Boston Globe reporter Michael Silverman spotlights the 18th MIT Sloan Sports Analytics Conference. The conference focused on a, “diverse array of heady topics such as artificial intelligence, the globalization of soccer, the next phase of sports ownership, the evolutional of poker strategy,” writes Silverman, noting that “nearly every conversation on stage seemed to circle back to a shared belief that the momentum already carrying women’s sports is on the verge of a new surge.”
Prof. Jonathan Gruber, MIT Innovation Fellow Brian Deese and Stanford doctoral student Ryan Cummings write for The New York Times about the health benefits of new weight-loss drugs and the risk they pose to American taxpayers. “The magnitude of potential benefit and potential cost — roughly $15,000 per year per person — posed by these drugs suggests that policymakers may have no alternative but to step in and bring their costs in line with their social benefits,” they write. “If policymakers succeed in doing so, we could build a model for drug price negotiation that enables an extraordinary medical breakthrough to improve both our health and our fiscal position.”
Prof. David Autor speaks with Wall Street Journal reporter Jason Douglas about how there may be another “China shock” due to the influx of goods manufactured in China being made available in foreign markets. “It won’t be the same China shock,” says Autor, adding that “the concerns are more fundamental” as China is competing with advanced economies in cars, computer chips and complex machinery.

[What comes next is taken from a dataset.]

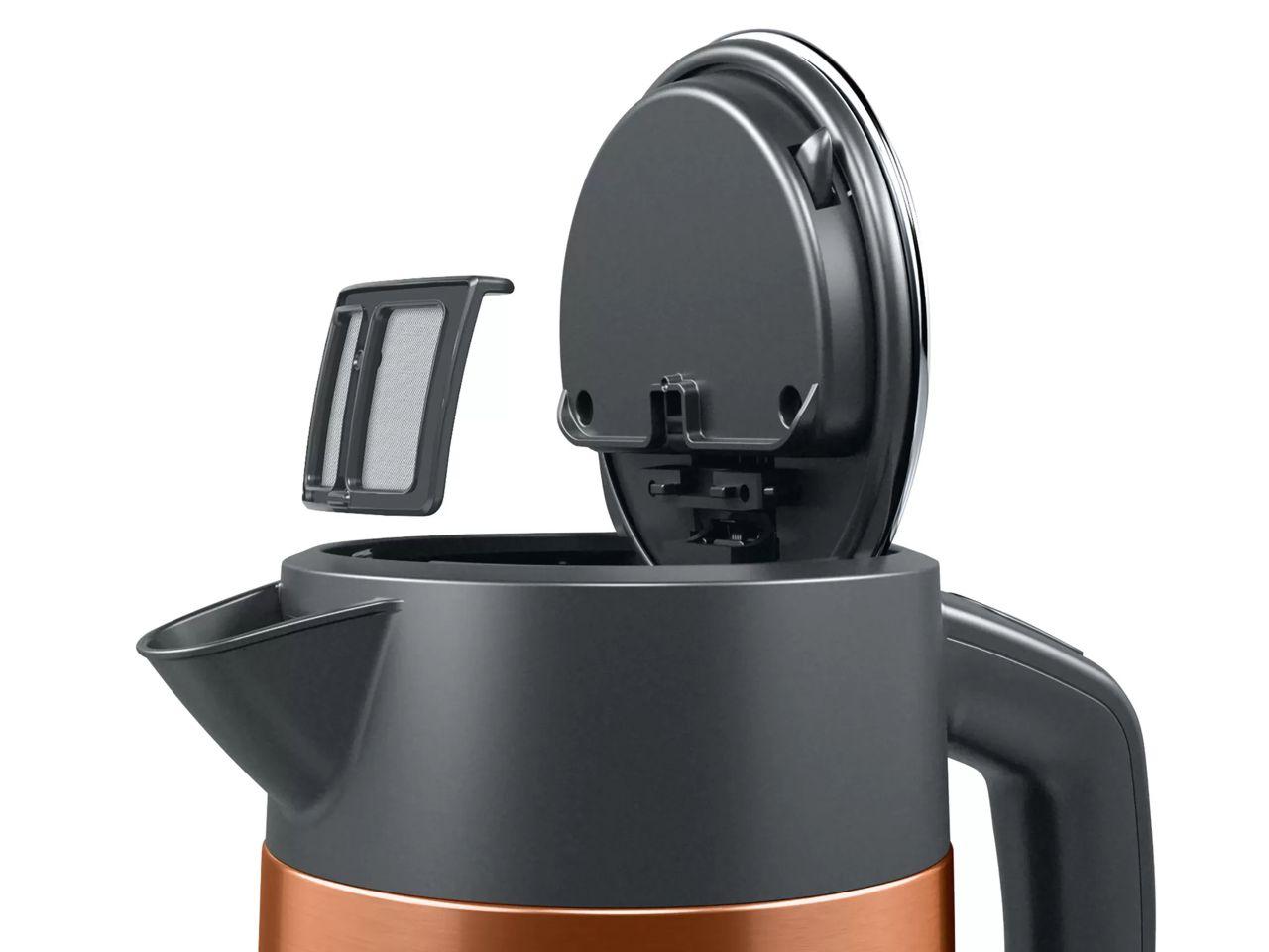 Varná konvice v nerezovém provedení s příkonem 2400 W o objemu 1,7 litru. Bosch TWK4P439 disponuje vyjímatelným nerezovým filtrem, skrytým topným tělesem a podsvíceným vypínačem. Víko lze otevřít o 90 ° pro jednodušší plnění vodou a čištění. Celý popis

Prof. Daniela Rus, director of CSAIL, speaks with Boston Globe reporter Evan Sellinger about her new book, “The Heart and the Chip: Our Bright Future With Robots,” in which she makes the case that in the future robots and humans will be able to team up to create a better world. “I want to highlight that machines don’t have to compete with humans, because we each have different strengths. Humans have wisdom. Machines have speed, can process large numbers, and can do many dull, dirty, and dangerous tasks,” Rus explains. “I see robots as helpers for our jobs. They’ll take on the routine, repetitive tasks, ensuring human workers focus on more complex and meaningful work.”

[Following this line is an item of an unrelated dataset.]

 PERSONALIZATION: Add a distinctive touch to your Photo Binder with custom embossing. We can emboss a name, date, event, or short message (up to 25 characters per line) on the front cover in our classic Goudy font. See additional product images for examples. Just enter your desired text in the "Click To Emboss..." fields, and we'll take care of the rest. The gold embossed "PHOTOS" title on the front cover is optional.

Writing for the Financial Times, Prof. Kristin Forbes delves into her new study examining how quantitative tightening (QT) programs impact markets. “QT programs have, so far, been working as central banks intended,” Forbes writes. “At the same time, they have provided a small degree of support for central banks’ efforts to tighten financial conditions, with minimal impact on market functioning and liquidity. QT has worked in the opposite direction to quantitative easing, but the effects are much, much more muted.”
Prof. Stuart Madnick speaks with CNBC reporter Kevin Williams about how the rise of generative AI technologies could lead to cyberattacks on physical infrastructure. “If you cause a power plant to stop from a typical cyberattack, it will be back up and online pretty quickly,” Madnick explains, “but if hackers cause it to explode or burn down, you are not back online a day or two later; it will be weeks and months because a lot of the parts in these specialized systems are custom made.”